■ DATA SEGMENT:
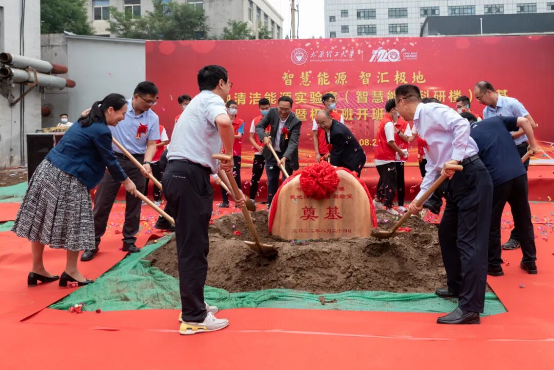 孙波宣布极地清洁能源实验室(智慧能源科研楼)奠基,与会领导共同为极地清洁能源实验室(智慧能源科研楼)培土奠基。
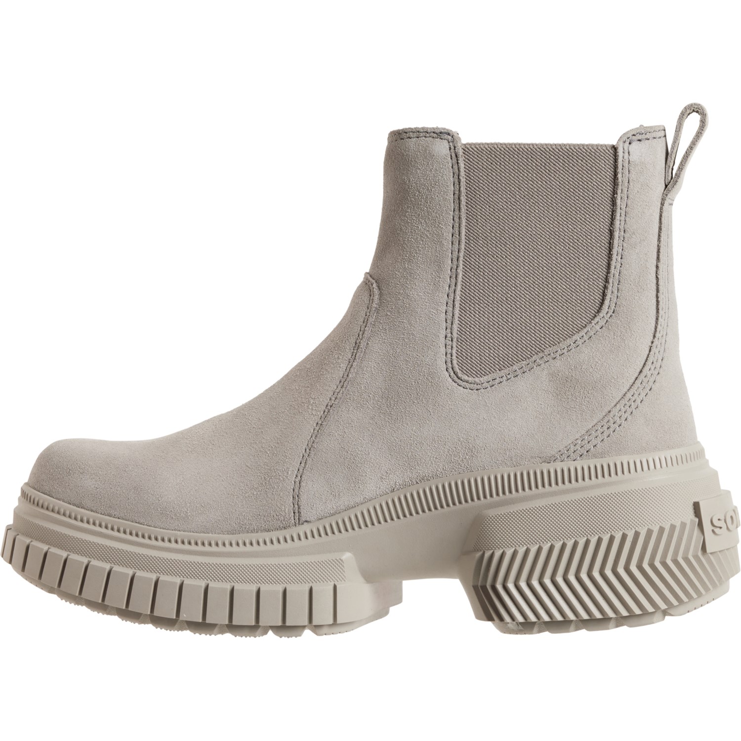 Closeout. Add an edgy vibe to your look with Sorel's Ona Ave Chelsea boots, crafted from waterproof leather with underfoot cushioning and set on a lightweight FEATHERTREAD rubber outsole.
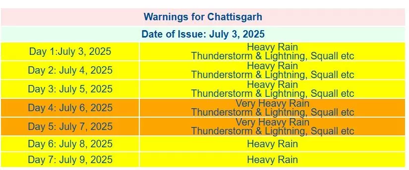 |Chhattisgarh Rain Update : रायपुर, स्वदेश। मानसूनी तंत्र के प्रभाव से शुक्रवार को बस्तर, बीजापुर, सुकमा, गौरेला-पेंड्रा-मरवाही व दंतेवाड़ा जिला में भारी वर्षा की संभावना है। मौसम ने इन जिलों के लिए यलो अलर्ट भी जारी किया है। इसके साथ ही सरगुजा, सूरजपुर, जशपुर और बलरामपुर के कुछ क्षेत्रों में अगले 48 घंटों के लिए यलो अलर्ट जारी किया है।
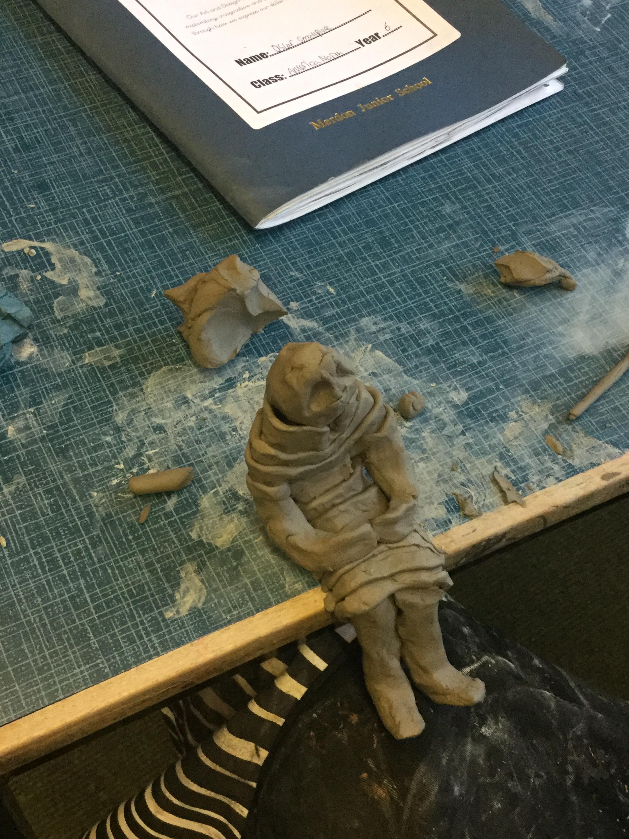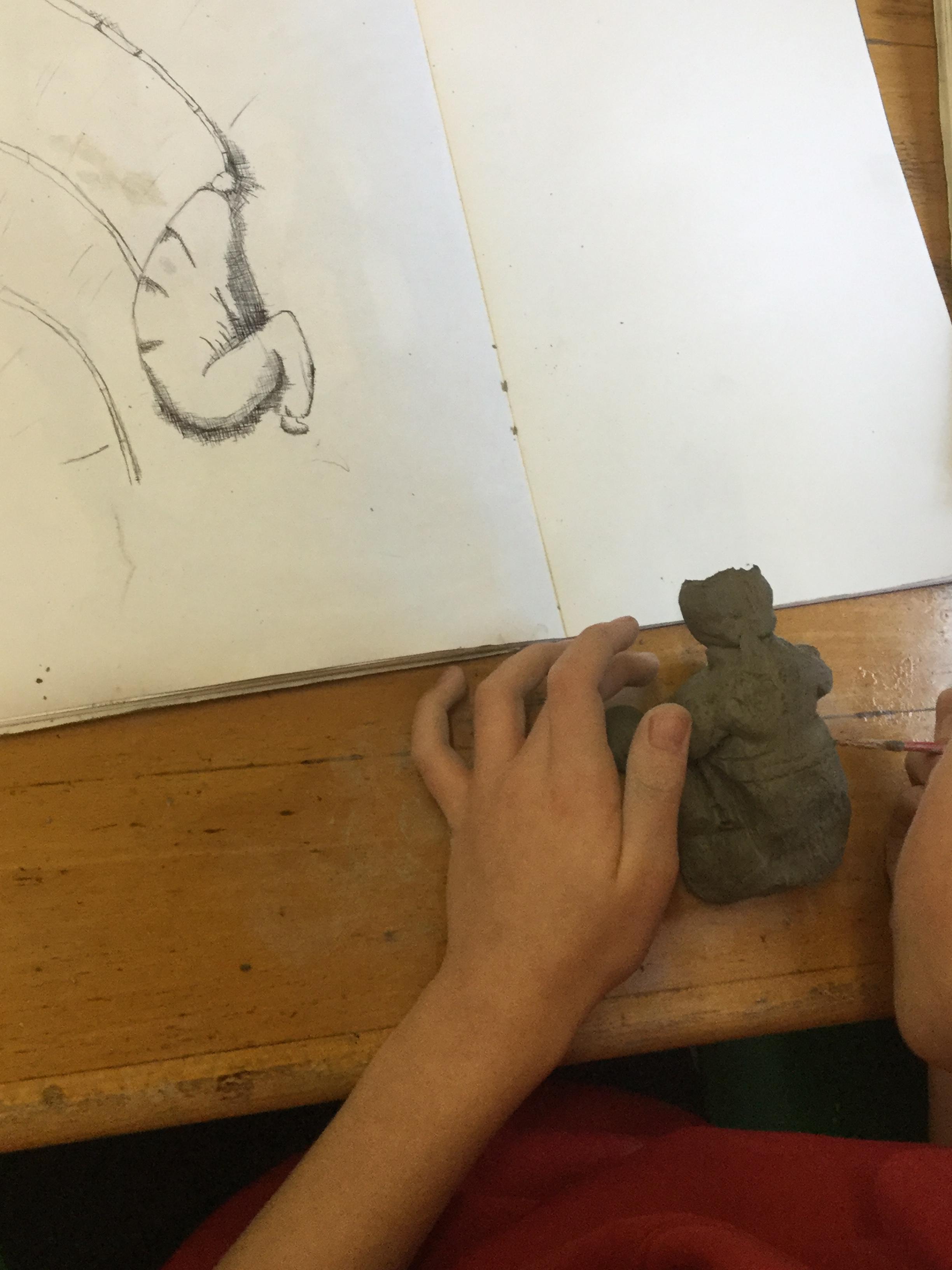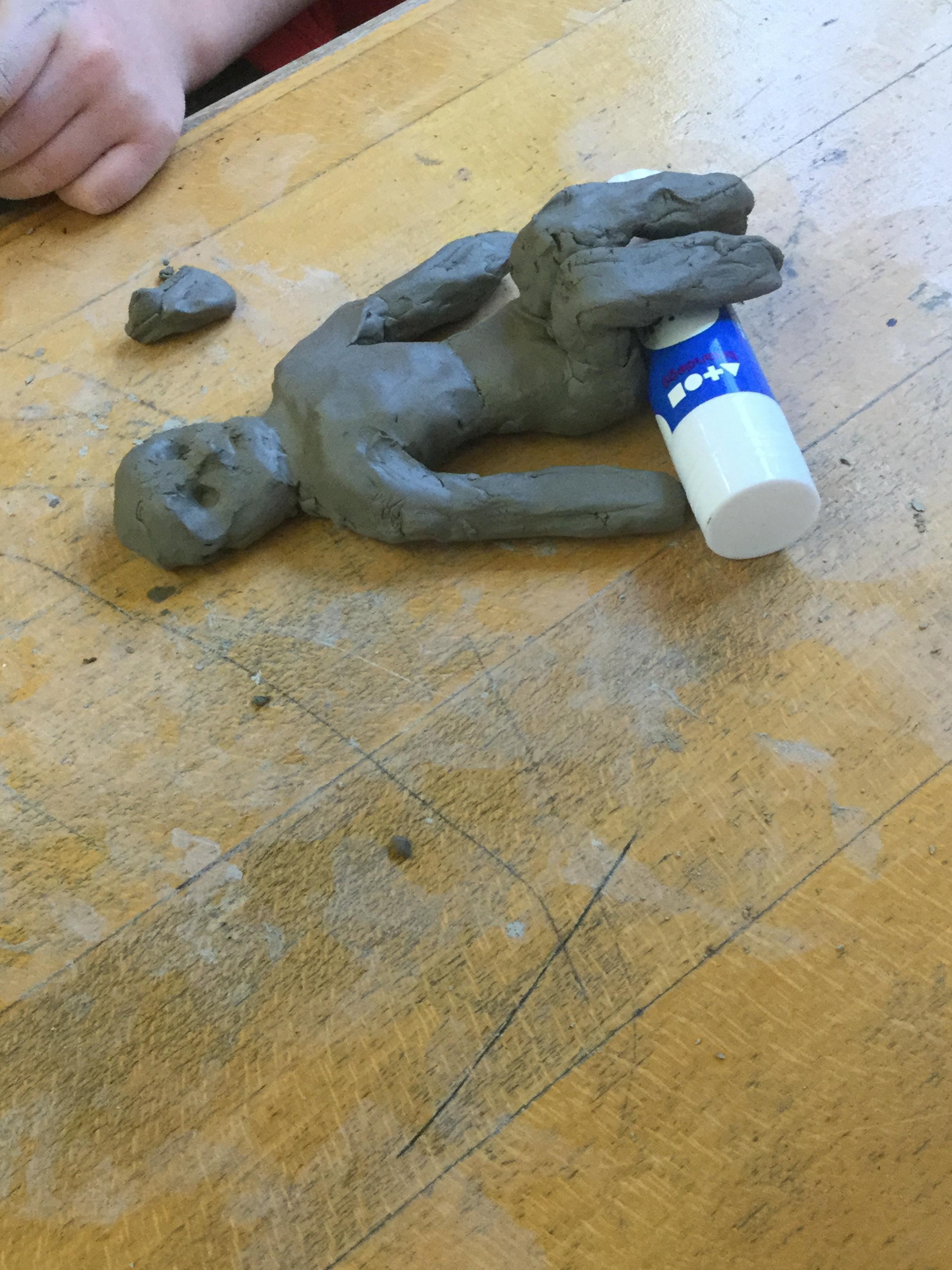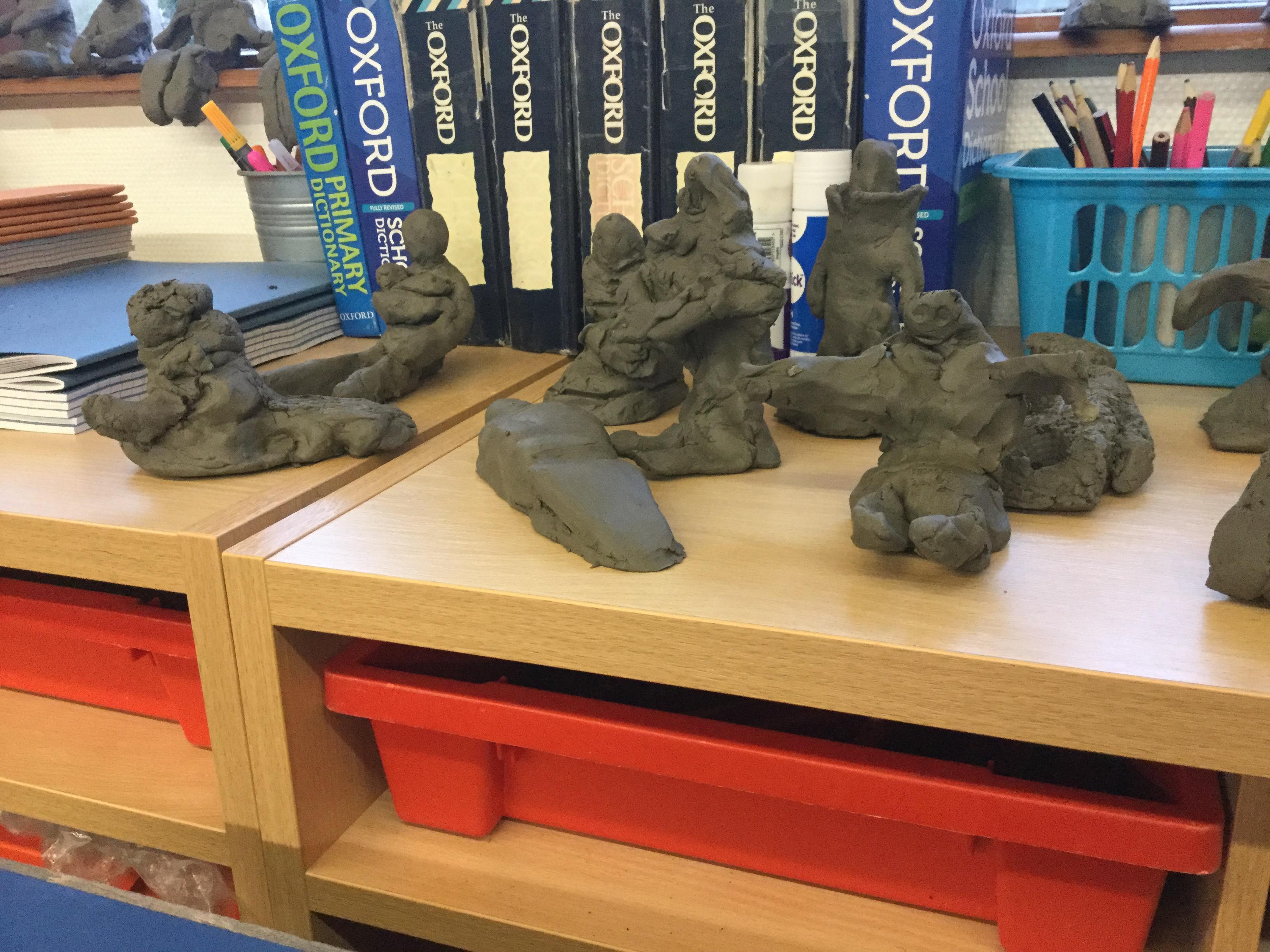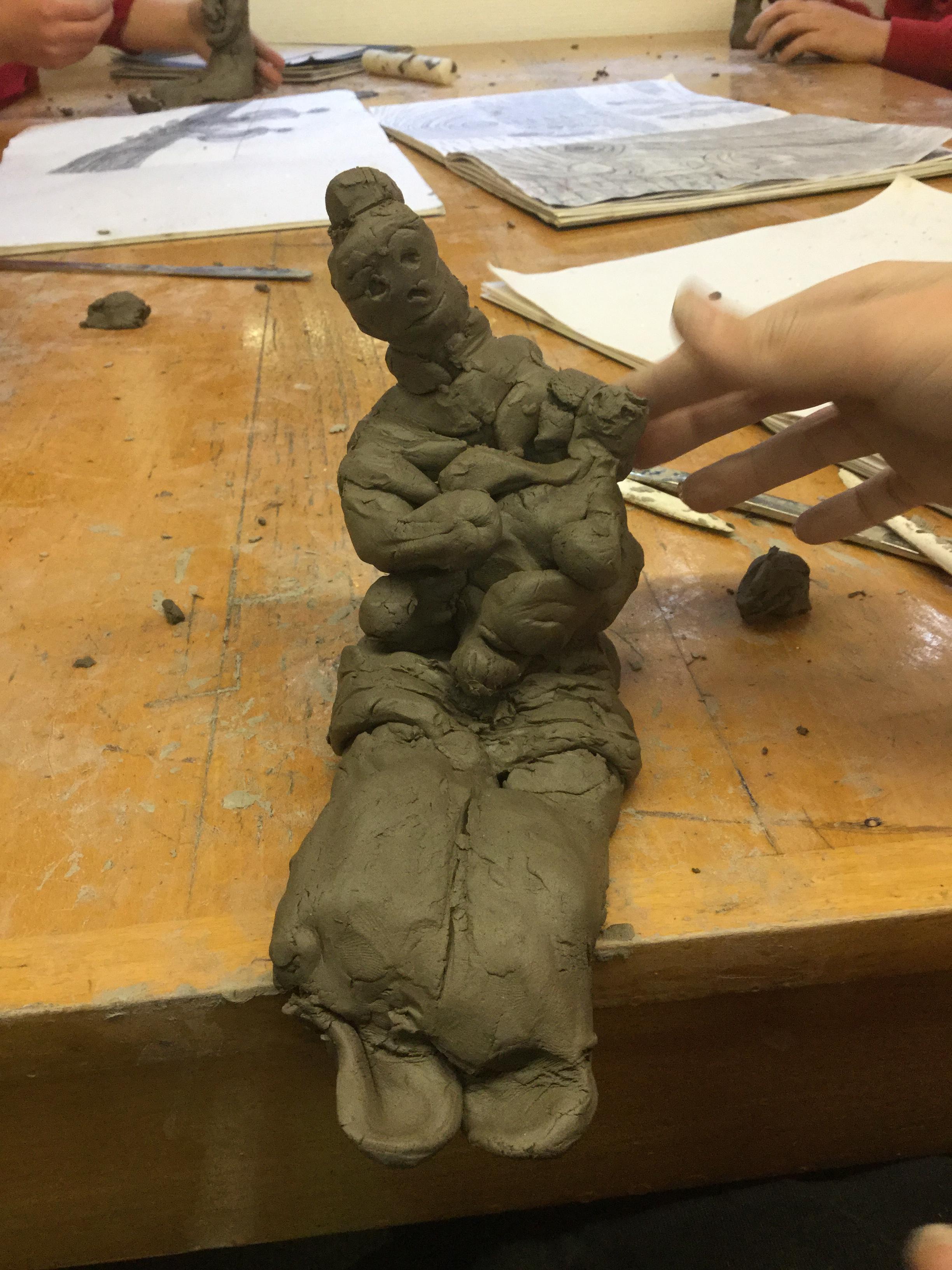 Designing our clay figures in the style of Henry Moore’s underground shelter figures.

■ WORK ORDER:
Give the data back exactly, omitting all pictures.

■ EXERCISE SOLUTION:
 孙波宣布极地清洁能源实验室(智慧能源科研楼)奠基,与会领导共同为极地清洁能源实验室(智慧能源科研楼)培土奠基。
 Closeout. Add an edgy vibe to your look with Sorel's Ona Ave Chelsea boots, crafted from waterproof leather with underfoot cushioning and set on a lightweight FEATHERTREAD rubber outsole.
 |Chhattisgarh Rain Update : रायपुर, स्वदेश। मानसूनी तंत्र के प्रभाव से शुक्रवार को बस्तर, बीजापुर, सुकमा, गौरेला-पेंड्रा-मरवाही व दंतेवाड़ा जिला में भारी वर्षा की संभावना है। मौसम ने इन जिलों के लिए यलो अलर्ट भी जारी किया है। इसके साथ ही सरगुजा, सूरजपुर, जशपुर और बलरामपुर के कुछ क्षेत्रों में अगले 48 घंटों के लिए यलो अलर्ट जारी किया है।
 Designing our clay figures in the style of Henry Moore’s underground shelter figures.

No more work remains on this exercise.